Storage account name is a unique identifier of your account within the whole Azure cloud. You can find it in the following way (we'll show only the Azure Portal method, as others are more advanced):

  1. Sign into Azure Portal.
  2. Search for storage account and select Storage accounts:
storage_account_search
  1. You will see a list of Storage Accounts, where the name is the first column. Copy the name of an account you want to document:
storage_accounts_list

Access key

When you create an Azure Storage Account, it receives automatically generated keys that can be used to authenticate to Data Lake Storage in Dataedo.

How to find Access Key in Azure Portal

  1. Search for Storage Accounts, and open the one you would like to document.
  2. On the side tab, look for Access keys and open the page:
access_keys
  1. Click Show button to reveal Key and copy it to Dataedo. You can use either of the keys. Furthermore, you can copy Storage account name on the page:
access_keys_copy
  1. Paste values in Dataedo connector window:
dataedo_azure_storage_access_keys

Azure Active Directory - Interactive

You can use your Azure AD credentials to access Storage Account. All you need to provide is Account Name. Finding one is described in How to find storage account name in Azure section of this article. Once you click Connect in Dataedo window you will have to interactively sign in with your Azure account.

azure_ad_interactive

Azure Active Directory - Interactive authentication cannot be used to automate imports with dataedocmd, as it needs you to manually sign in before import can begin

Connection string

Connection string for Azure Data Storage contains all required information to connect to Storage Account, hence there is only one field in Dataedo connector for this type of authentication.
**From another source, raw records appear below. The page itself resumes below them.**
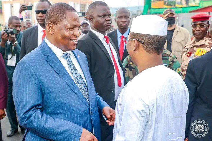 Mais c’est surtout la visite du dirigeant tchadien qui a cristallisé l’attention. À son arrivée, le Président de la République , Maréchal Mahamat Déby Déby Itno a été accueilli chaleureusement par son homologue, le professeur Faustin Archange Touadéra, dans une ambiance festive dominée par les fanfares, les danses traditionnelles et une foule en liesse.
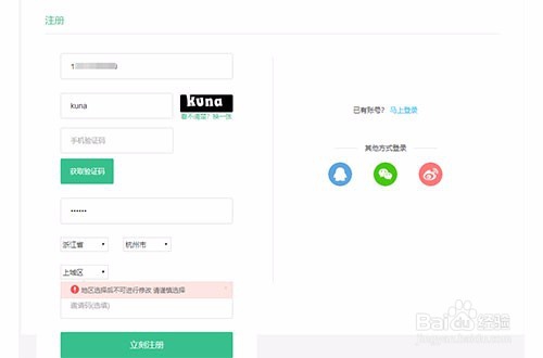 打开网址,点击注册按钮,进入注册页面。填写手机号码、输入验证码、密码获取手机验证码、所属区域。区域一旦填写不可修改,有邀请码填写邀请码,无邀请码可以不填。
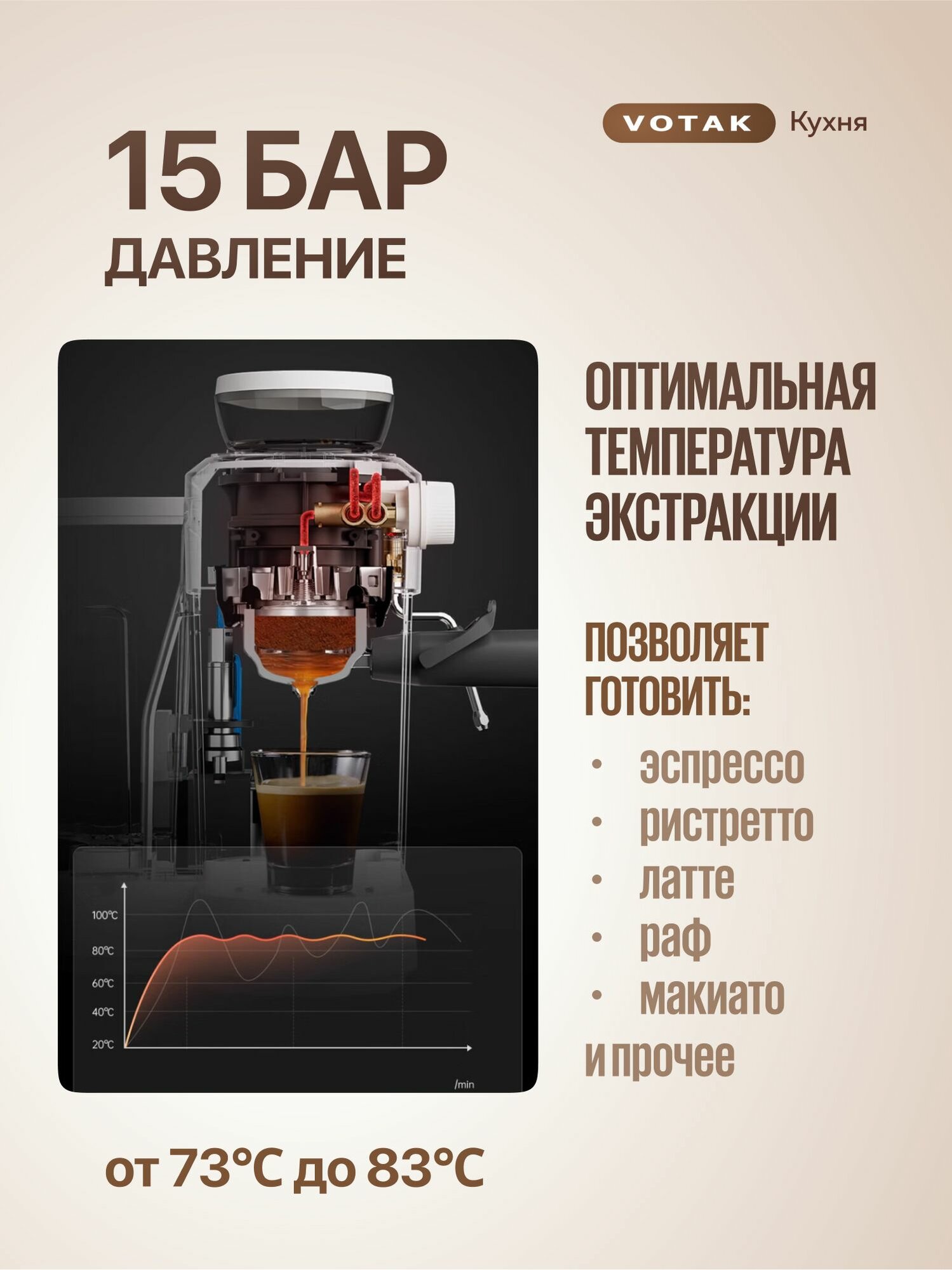 Отзывы на Кофемашина рожковая с кофемолкой, 15 бар, емкость резервуара 1 л, 1300W

How to find Connection string in Azure Portal

  1. Search for Storage Accounts, and open the one you would like to document.
  2. On the side tab, look for Access keys and open the page:
access_keys
  1. Click Show button to reveal Connection string and copy it to Dataedo. You can use either of the connection strings. Furthermore, you can copy Storage account name on the page:
account_connection_string
  1. Paste connection string in Dataedo connector window:
azure_storage_conn_string_dataedo

Public container

Some of the containers can be accessed publicly, without need of any authentication. In such case, the Dataedo will require you to provide storage account name and container name. Obtaining the first one is described in How to find storage account name in Azure section. Public container name can be found in the following way:

  1. Search for Storage Accounts, and open the one you would like to document.
  2. On the side tab, look for Containers and open that page:
containers_azure_portal
  1. On the Containers page you will find a list of containers available in Storage Account. Make sure the selected container has Container access level.
containers_list_azure_portal

Connecting to Azure Data Lake Storage

Connect

Once you filled required connection details, hit Connect button.

dataedo_connect

Once connected set the documentation title.

Select format (optional)

On the next screen you will need to select the format of files that are going to be documented. This step is optional, as if you will select files in different formats, Dataedo will automatically detect the format and use the appropriate connector.

format_selection

Select files

On the next screen select files that are to be documented. As stated earlier, files can be in various formats. In the next step, Dataedo will try to document files based on their extensions.

files_select

Once you selected files, hit Import button

Choose Objects to import

During this step you can check/uncheck objects and their columns/fields for import. To verify columns/fields, select a file from the list. Furthermore, you can change the format which Dataedo recognized, by expanding the list in Type column.

choose_objects

Import

Once you're sure everything is correct hit Import button to import selected files.

Outcome

Selected files metadata was loaded into a new documentation.

data_lake_storage_outcome